His most famous fiction is Legends of the Fall, but I believe his greatest achievement will prove to be his late 90s novel The Road Home, interlaced with an earlier work, Dalva, to form an 800 page epic that qualifies as much as any to be a Great American Novel.
Harrison might have agreed with at least that intention. He said in a 1998 interview: "I like to think that The Road Home addresses the soul history of our country."
There was a certain quality of elegy to The Road Home, and it seemed like the work of a lifetime in several senses. Yet he kept writing for nearly another 20 years. And he was aware of what those years meant.

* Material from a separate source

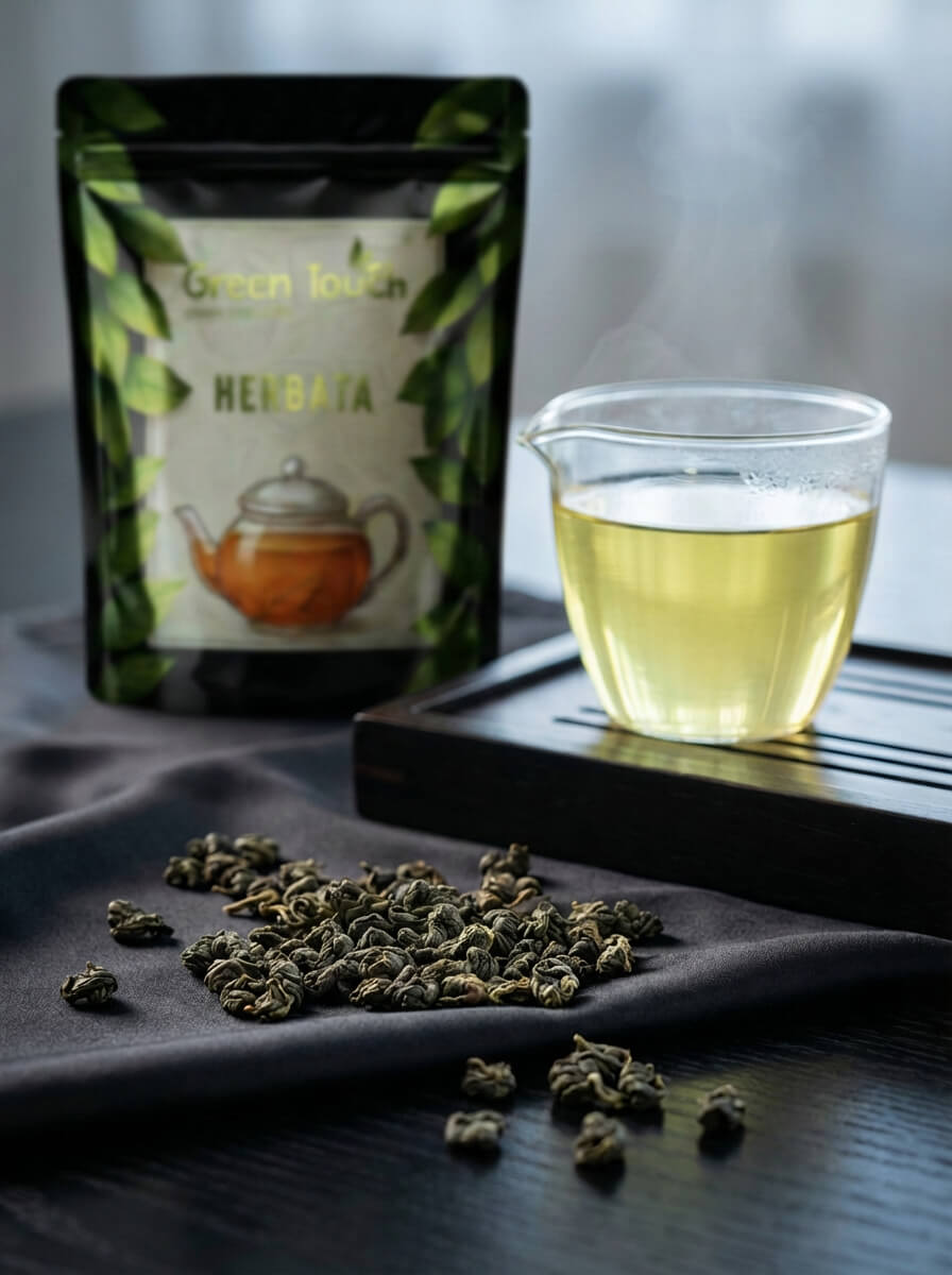 Zwinięta forma liści chroni aromat i pozwala zachować świeżość herbaty przez długi czas. Podczas parzenia kuleczki powoli rozwijają się, uwalniając głęboki smak oraz charakterystyczny, lekko dymny aromat zielonej herbaty z prowincji Zhejiang.

The NPR story that ran on All Things Considered Sunday quoted one of his poems:
Before I was born I was water.
I thought of this sitting on a blue
chair surrounded by pink, red, white
hollyhocks In the yard in front
of my green studio. There are conclusions
to be drawn but I can't do it anymore.
Born man, child man, singing man,
dancing man, loving man, old man,
dying man. This is a round river
and we are her fish who become water.
I've written about several of his books here and for several publications over the past 18 years, but I couldn't begin to summarize what I've learned and what I've taken from his words. On Saturday, the day he died (though it wasn't announced until Sunday), I watched a video of the late psychologist James Hillman (who Harrison often quoted) saying that as humans, our job in the world is to fall in love with it. The New York Times obit Sunday quotes Will Blythe reviewing Harrison: “His books glisten with love of the world."
May he rest in peace. His work lives on.